======== Material to process

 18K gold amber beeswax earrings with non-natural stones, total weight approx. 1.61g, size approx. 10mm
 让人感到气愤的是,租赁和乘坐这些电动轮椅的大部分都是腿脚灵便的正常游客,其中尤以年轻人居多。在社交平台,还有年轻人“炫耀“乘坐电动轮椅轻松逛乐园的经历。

================
======== Material to process

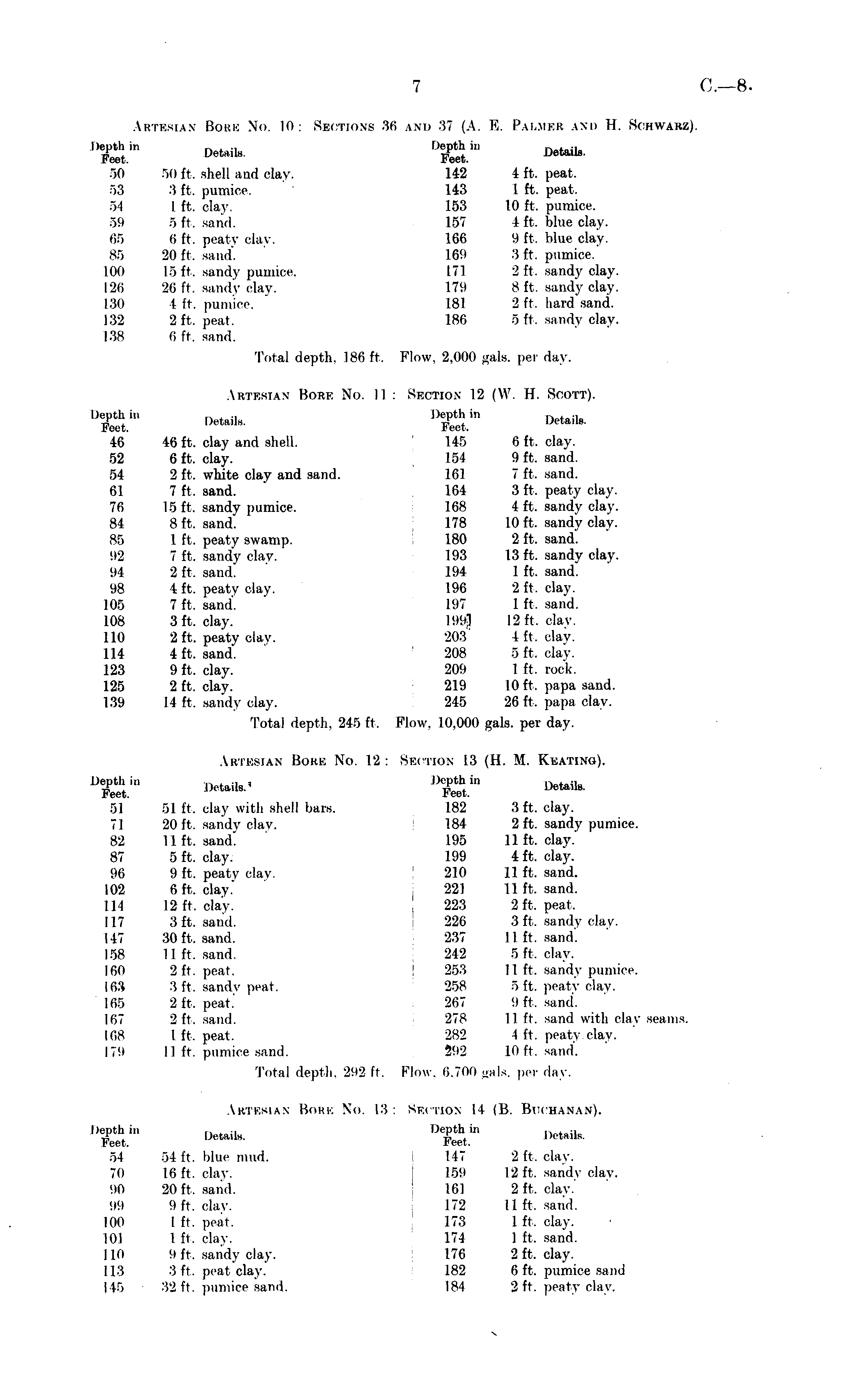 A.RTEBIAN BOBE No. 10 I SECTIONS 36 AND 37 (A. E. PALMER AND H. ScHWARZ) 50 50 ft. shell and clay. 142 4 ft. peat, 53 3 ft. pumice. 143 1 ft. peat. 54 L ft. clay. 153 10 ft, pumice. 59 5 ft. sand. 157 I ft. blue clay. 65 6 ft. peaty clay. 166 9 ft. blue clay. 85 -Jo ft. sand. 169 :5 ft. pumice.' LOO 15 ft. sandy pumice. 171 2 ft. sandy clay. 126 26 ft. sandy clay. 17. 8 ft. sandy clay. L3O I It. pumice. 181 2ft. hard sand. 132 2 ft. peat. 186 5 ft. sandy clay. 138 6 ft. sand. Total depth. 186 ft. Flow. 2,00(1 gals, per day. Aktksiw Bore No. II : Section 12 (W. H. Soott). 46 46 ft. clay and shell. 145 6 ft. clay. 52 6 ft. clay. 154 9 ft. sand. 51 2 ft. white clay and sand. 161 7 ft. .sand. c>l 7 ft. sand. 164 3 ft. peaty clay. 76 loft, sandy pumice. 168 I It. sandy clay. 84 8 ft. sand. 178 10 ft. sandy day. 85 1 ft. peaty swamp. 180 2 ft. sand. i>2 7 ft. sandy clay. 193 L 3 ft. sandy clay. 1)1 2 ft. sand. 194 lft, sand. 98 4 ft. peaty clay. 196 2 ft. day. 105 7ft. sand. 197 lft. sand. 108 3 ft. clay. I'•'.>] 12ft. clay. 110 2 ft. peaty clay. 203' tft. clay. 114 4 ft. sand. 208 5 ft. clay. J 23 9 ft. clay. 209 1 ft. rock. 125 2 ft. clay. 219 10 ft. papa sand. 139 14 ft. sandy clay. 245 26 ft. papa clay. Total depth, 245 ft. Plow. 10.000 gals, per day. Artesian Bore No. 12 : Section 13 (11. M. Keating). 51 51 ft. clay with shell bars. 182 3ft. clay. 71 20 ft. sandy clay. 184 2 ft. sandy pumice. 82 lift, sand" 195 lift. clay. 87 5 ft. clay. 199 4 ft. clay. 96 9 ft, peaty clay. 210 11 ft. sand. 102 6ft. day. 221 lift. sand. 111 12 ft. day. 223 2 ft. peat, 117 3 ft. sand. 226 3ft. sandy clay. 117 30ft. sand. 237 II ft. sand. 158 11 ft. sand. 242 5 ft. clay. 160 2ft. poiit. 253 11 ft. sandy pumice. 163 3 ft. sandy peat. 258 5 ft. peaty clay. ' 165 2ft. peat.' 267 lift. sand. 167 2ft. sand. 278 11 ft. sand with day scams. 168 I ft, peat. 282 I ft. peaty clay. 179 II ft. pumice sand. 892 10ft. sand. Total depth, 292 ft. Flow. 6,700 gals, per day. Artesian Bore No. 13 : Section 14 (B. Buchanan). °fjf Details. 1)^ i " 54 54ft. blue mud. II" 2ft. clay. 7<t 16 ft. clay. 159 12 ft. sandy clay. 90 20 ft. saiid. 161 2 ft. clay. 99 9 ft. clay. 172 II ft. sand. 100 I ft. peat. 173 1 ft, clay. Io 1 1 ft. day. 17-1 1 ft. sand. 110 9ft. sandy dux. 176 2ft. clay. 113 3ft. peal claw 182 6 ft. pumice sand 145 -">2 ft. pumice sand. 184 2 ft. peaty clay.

================

> **What is required**: Among the records above, repeat exactly the line with "18K gold amber", the line with "让人感到气愤的是,租赁和乘坐", and every line in between, and only those.

> **Solution for this problem**:
 18K gold amber beeswax earrings with non-natural stones, total weight approx. 1.61g, size approx. 10mm
 让人感到气愤的是,租赁和乘坐这些电动轮椅的大部分都是腿脚灵便的正常游客,其中尤以年轻人居多。在社交平台,还有年轻人“炫耀“乘坐电动轮椅轻松逛乐园的经历。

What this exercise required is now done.